Last Updated on May 15, 2023 by Bitfinsider
Jump Trading is accused of conspiring with Terraform Labs to manipulate the price of the doomed algorithmic stablecoin TerraUSD (UST), according to a lawsuit filed in an Illinois district court. According to court documents from May 9, the company purchased millions of UST tokens in 2021 with the intention of manipulating their value to $1.
Plaintiff Taewoo Kim accuses Jump and its CEO Kanav Kariya of violating the Commodity Exchange Act, Commodity Futures Trading Commission (CFTC) regulations, and of unjust enrichment under common law.
According to the lawsuit, Jump Trading was an early partner and Terraform Labs’ primary financial supporter. Between November 2019 and September 2020, Jump entered into a number of agreements with Terraform and its affiliates “to borrow tens of millions of Terra LUNA tokens” and “provide market-making services for transactions in LUNA, UST, and aUST.”

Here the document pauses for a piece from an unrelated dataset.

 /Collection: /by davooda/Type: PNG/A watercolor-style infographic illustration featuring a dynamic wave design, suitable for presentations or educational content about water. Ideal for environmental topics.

In exchange, the agreements would allow Jump Trading to acquire LUNA tokens at a significant discount, which could then be resold for Jump’s own profit.
Jump allegedly purchased over 62 million UST tokens between May 23 and May 27, 2021, causing UST’s price to artificially increase to $1 and aUST’s price to rise.

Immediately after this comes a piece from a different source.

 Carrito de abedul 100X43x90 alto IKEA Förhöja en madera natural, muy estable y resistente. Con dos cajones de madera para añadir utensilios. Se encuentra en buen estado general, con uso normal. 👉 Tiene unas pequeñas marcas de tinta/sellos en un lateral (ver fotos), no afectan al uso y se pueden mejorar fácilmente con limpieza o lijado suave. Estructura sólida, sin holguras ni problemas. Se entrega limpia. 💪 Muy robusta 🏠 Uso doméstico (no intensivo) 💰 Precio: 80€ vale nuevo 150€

To incentivize and reward Jump for its alleged market manipulation, Terra and Kwon “agreed to modify the parties’ prior agreements and instead unconditionally transfer to Jump more than 61.4 million LUNA tokens at a greater than 99.9% discount from their then-market price. According to the court filing, Jump resold the LUNA tokens for a staggering profit of over $1.28 billion.
Bloomberg reported on March 13 that United States prosecutors are investigating a Telegram chat group involving Jump Trading, Alameda Research, and Jane Street Group regarding a prospective TerraUSD stablecoin bailout.
The U.S. Department of Justice is also investigating the collapse of stablecoins, which contributed to a $40 billion loss in the Terra ecosystem in May 2022. In recent weeks, former Terraform Labs employees have been questioned by the Federal Bureau of Investigation and the U.S. Attorney’s Office for the Southern District of New York.